The effect of minimum wage laws are mostly borne by young or inexperienced or marginal applicants, however. If there was a minimum wage law for doctors or pilots which doubled their typical salaries then many of them would quickly be unemployed. There is not. The effect of a much bigger change in the job market cuts through every class and most industries, however: the rise of credentialism.
Our economy can be roughly divided into two large blocs: private producers and public producers. Private producers must attract business from the market and so their decisions about who to hire and how to operate fundamentally depend on their effectiveness at providing goods and services. If they become less appealing, less affordable, less effective they immediately feel the effects and if these changes persist long enough they go out of business, to be replaced by better and cheaper competitors.
Public producers derive their income from the government and so there is little pressure to satisfy their customers. Certainly there is some minimum of quality beyond which there will be a negative reaction but this floor is much lower and more inelastic and so operations and hiring and pricing decisions can be more misguided or inefficient, and for longer. In short, more money can be wasted. $7.5 billion can be allocated, which only hundreds of thousands worth of product to show for it. Services can be unwieldly or unsafe or unpopular… for years. Employees can waste years worth of work hours and still easily make salaries and generous pensions. The kind of policy distortions I already described can make it nearly impossible to fire them.

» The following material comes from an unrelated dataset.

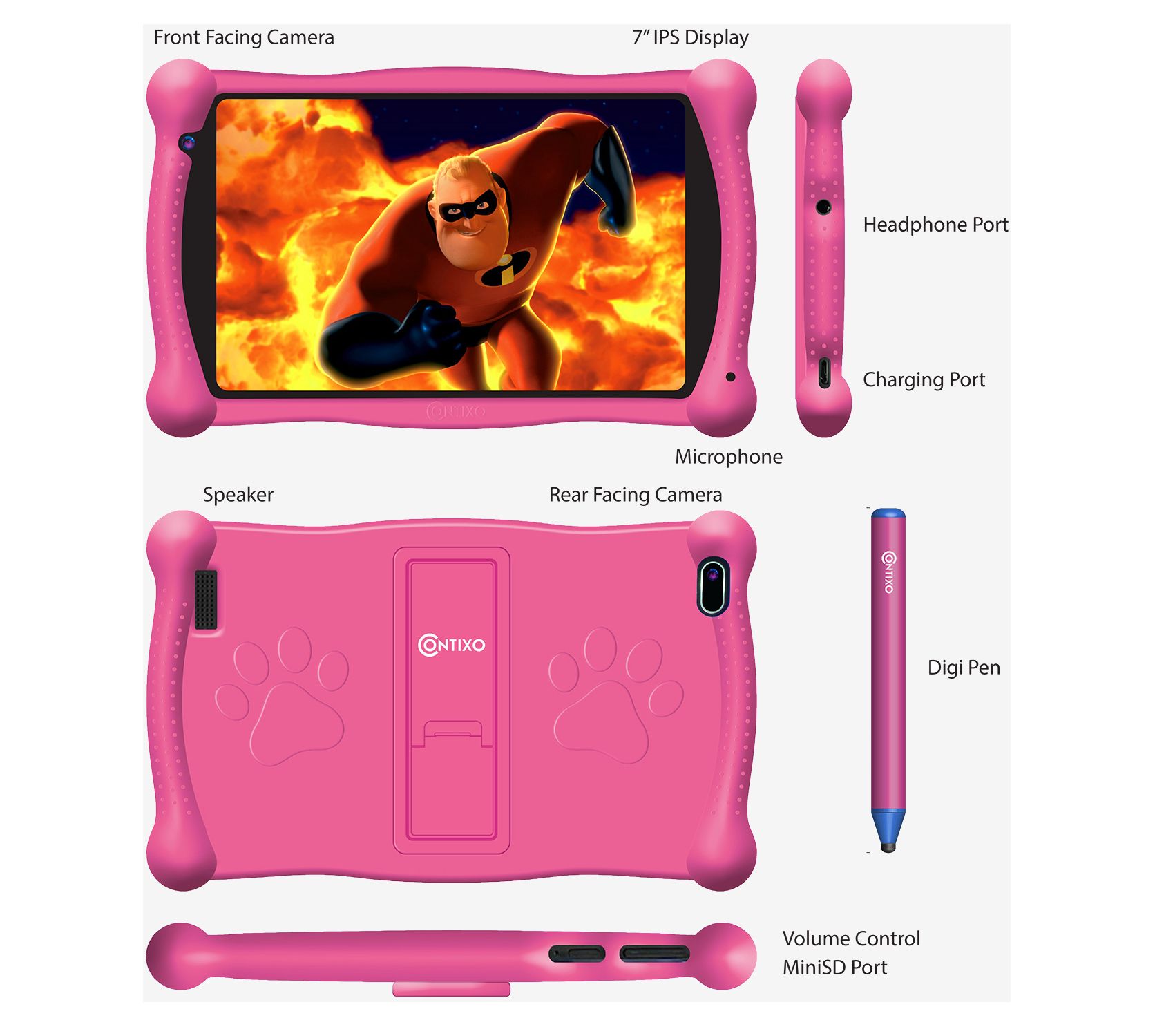 Let your littles enjoy the educational and entertainment features a tablet offers with this kid-friendly design and colorful case -- complete with parental controls for your peace of mind. Plus, with a carry case and cushioned headphones, they can listen to their content on-the-go while you enjoy the quiet. From Contixo.

There is a huge share of our economy which is public. Many contractors rely on public funds but still operate like private businesses, trying to observe the processes and imperatives which would maximize profitability. Many public employees perform dangerous and important jobs (soldiers, police, ambulance drivers). But there is now a huge and growing chunk of jobs and wealth which feeds off of public money. The organizations which generate these jobs produce almost nothing, or they provide some wildly overpriced public service. Universities fall into this category. Many of them are private but they are essentially subsidized through government aid and student loans, and that aid and those loans raise the demand for their degrees, massively inflating the price. Non-profits (now representing ~6% of the U.S. economy) fall into this category. They (often) oversee programs or perform studies or create initiatives which are of no real value to anyone… but once their parasitic relationship with the government begins they are driven to continue it, obeying their own warped incentives. Causes are promoted, problems are exaggerated, threats are wildly overblown. Many non-profits also rely on private donors (and the same incentives to exaggerate problems exist in this case) but a vast share of their operating money comes from the government. Government agencies also fall neatly into this category. Many of these agencies provide value but all of them waste money. This wastage must equal trillions of dollars every year in the United States alone.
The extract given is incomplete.